Gebet und Gewalt
Spurensuche BETEN – Geistliche Impulse von Michael Kapeller über bedeutende Männer und Frauen des 20. Jahrhunderts

Spätestens am 18. August 2005 hatte sich die Nachricht in weiten Teilen der Welt verbreitet. Am Vorabend wurde der Gründer der Gemeinschaft von Taizé, Roger Schutz, von einer offenkundig psychisch kranken Rumänin während des Abendgebets in der Versöhnungskirche in Taizé mit drei Messerstichen getötet. Die Frau wurde rasch überwältigt und ließ sich widerstandslos von der Polizei abführen. Die Brüder trugen den Leichnam von Frère Roger aus der Kirche und setzten das Gebet wie ursprünglich geplant mit dem Liedruf „Laudate omnes gentes, laudate Dominum“ (Lobet alle Völler, lobet den Herrn“) fort.
Der Tod dieses 90jährigen Mannes hat viele Menschen erschüttert. Dennoch folgte auf diese Meldungen keine kollektive Welle der Trauer. An vielen Orten wurde jedoch zu so genannten Taizé-Gebeten eingeladen. Menschen wollten so ihre Trauer über den Tod von Frère Roger ausdrücken und ein Zeichen der Verbundenheit mit der Gemeinschaft von Taizé setzen.

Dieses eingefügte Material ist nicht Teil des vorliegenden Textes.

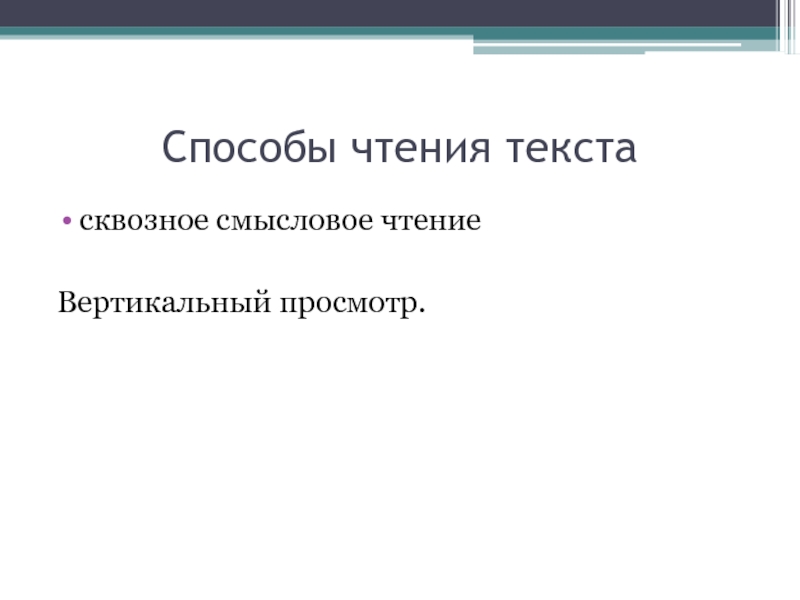 Способы чтения текстасквозное смысловое чтениеВертикальный просмотр.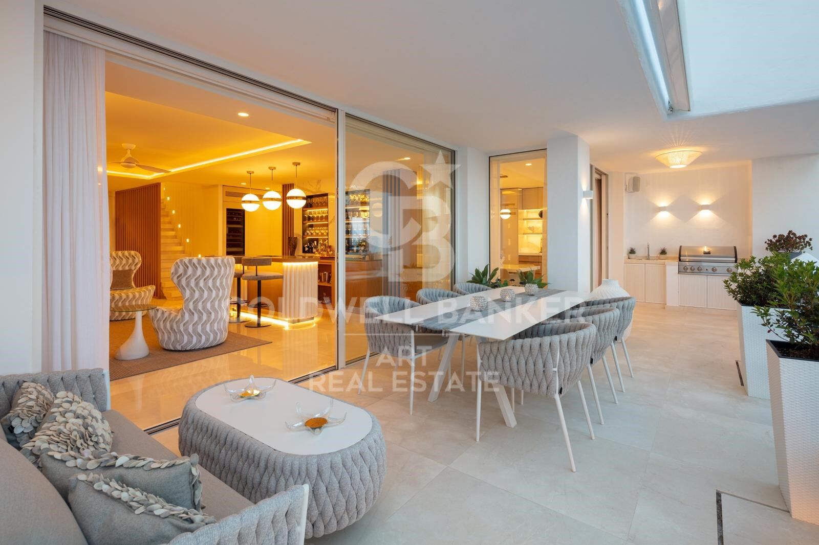 In vollkommener Harmonie gebaut, verschmelzen Innen- und Außenbereiche nahtlos und schaffen eine entspannte Atmosphäre mit gemütlichen Unterhaltungszonen. Genießen Sie das mediterrane Klima auf den großzügigen Terrassen mit Außenküche, durchflutet vom Licht und begleitet vom Klang des Meeres. Mit einer beeindruckenden Fläche von 454 m² und 211 m² Terrassen wurde jeder Raum mit höchster Qualität, natürlichen Materialien und eleganten Möbeln gestaltet.

Ein Pilgerweg des Vertrauens
Begonnen hatte alles am 20. August 1940. An diesem Tag reiste der junge reformierte Theologe Roger Schutz von der Schweiz in das Burgund und ließ sich im Bauerndorf Taizé nieder. Dort versteckte er Flüchtlinge, besonders Juden, vor den Nationalsozialisten. Nach dem Krieg kümmerte er sich um Kriegswaisen und deutsche Kriegsgefangene. Aus dieser karitativen Tätigkeit wuchs rasch eine geistliche Gemeinschaft. Bereits 1949 legten die ersten Brüder ihre Gelübde ab und banden sich dadurch an eine Gemeinschaft, die aus Männern unterschiedlicher christlicher Konfessionen bestand. In den nächsten Jahrzehnten breitete sich diese Idee einer gelebten Ökumene aus und wurde zu einem Frühling der Kirche(n). Besonders junge Menschen fanden sich am Hügel von Taizé oder bei den großen Treffen ein, um miteinander zu beten und über das Wort der Schrift zu reden. Frère Roger leitete als Prior die Gemeinschaft und gab die geistliche Richtung vor: Taizé sollte zu einem Ort des Versöhnung werden und Menschen einladen, sich mit Jesus Christus auf einen Pilgerweg des Vertrauens zu machen.
Verzeihen, allein um Christus nachzufolgen
Vertrauen war für Frère Roger nicht nur ein Leitmotiv, es war ein Wesenszug. Dieses Vertrauen war nicht naiv, sondern von Realismus getragen. Er wusste um die Abgründe im Menschen. So wies er immer wieder darauf hin: In jeder Begegnung steckt die Gefahr der Verwundung. Nur Christus kann den Menschen berühren, ohne ihn zu verletzen. Von ihm allein kommt Heilung und Heil. Wer sich ihm anvertraut, der überwindet seine Angst und wird frei für den Weg des Vertauens und auch des Verzeihens.
Verzeihen heißt in der Liebe bis zum Äußersten gehen. (…)
Verzeihen, nicht um den anderen zu verändern, sondern einzig und allein, um Christus nachzufolgen.
Niemand kann dem lebendigen Gott noch näher kommen.
Wohl aus diesem Geist heraus konnten die Brüder von Taizé selbst im Angesicht des gewaltsamen Todes ihres Gründers das gemeinsame Gebet fortsetzen. Wohl aus diesem Geist heraus haben sie den Pilgerweg des Vertrauens bis heute fortgeführt. Vielleicht lässt sich gerade aus diesem Geist heraus die vielfältige Gewalt – im Kleinen wie im Großen – überwinden und das Antlitz der Erde erneuern.